Mary Stachowicz (1951 – November 13, 2002) was a Polish American woman and mother of four, who on November 13, 2002 was murdered by Nicholas Gutierrez in Chicago, Illinois.

== Murder ==
On November 13, 2002, Stachowicz attended Mass at the Basilica of St. Hyacinth in the Chicago neighborhood of Avondale before beginning a favor as a Polish–English translator at the Sikorski Funeral Home, where Gutierrez worked as a janitor. Nineteen-year-old Gutierrez tipped police off when he speculated that he thought someone had killed her and stuffed her body in the building's crawlspace. He was working at the funeral parlor and had recently been laid off and was being evicted. Area 5 Cmdr. Lee Epplen of the Chicago Police stated that Stachowicz and Gutierrez got into an argument after the woman harangued him about his sexuality, calling him and his roommate derogatory names, police and prosecutors said. Gutierrez told police he became enraged after Stachowicz kept questioning him, said Cook County Assistant State's Atty. Nancy Galassini during a bond hearing. Gutierrez claimed that she proceeded to ask him, "Why do you sleep with boys?", after which he became even more angry and Nancy Galassini said, "The defendant punched and kicked and stabbed the victim until he was tired. He then placed a plastic garbage bag over her head and strangled her."

Gutierrez later concealed her body in a crawlspace under the floor. Prosecutors also accused Gutierrez of sexually assaulting Stachowicz, a charge that was denied by his defense attorney. In a confession videotaped by the Chicago Police, Gutierrez said he panicked because Stachowicz's trying to get him to change his sexuality reminded him of his mother. "She had this sneer, which reminded me of my mother when she used to beat me...I saw nothing but red," Gutierrez was reported saying in the Chicago Sun-Times. Later his defense attorney, Crystal Marchigiani, said that it was Gutierrez who had been physically attacked by Stachowicz, and that, "She could not leave him alone." Gutierrez was sentenced to life in prison on July 2, 2007. His defense attorney asked the judge to account for his childhood history of physical abuse, but Stachowicz' son was 100% convinced that Gutierrez should receive the death penalty.

==Aftermath==
Stachowicz' murder is regarded to some people as an unrecognized hate crime. Groups such as Concerned Women for America have complained about the comparative lack of media attention given to the case which they believe meets the definition of a hate crime against Christians and heterosexuals.
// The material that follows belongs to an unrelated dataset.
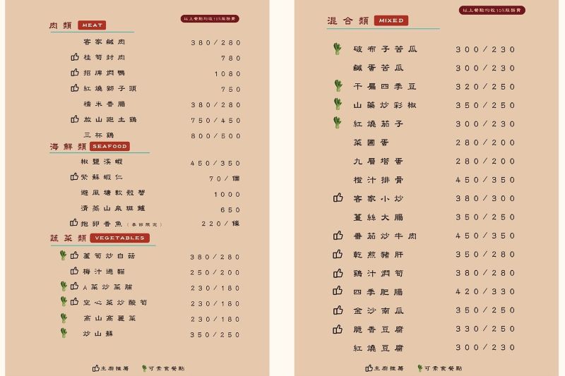 店內販售5500元至9500元的合菜品項,適合家庭旅遊踩點或多人聚餐,其中皆包含必吃餐點「招牌燜鴨」,建議想於假日造訪的旅人,提前向店家預約及點菜。

Writer Rod Dreher has written about her death, arguing that it should receive the same level of media attention as the death of Matthew Shepard.

Catholic Bishop Thomas J. Paprocki, an auxiliary bishop of Chicago who knew Stachowicz personally, called her a "martyr for the faith". On the fifth anniversary of her death, Catholic journalist Phil Lawler called for the opening of a formal beatification process.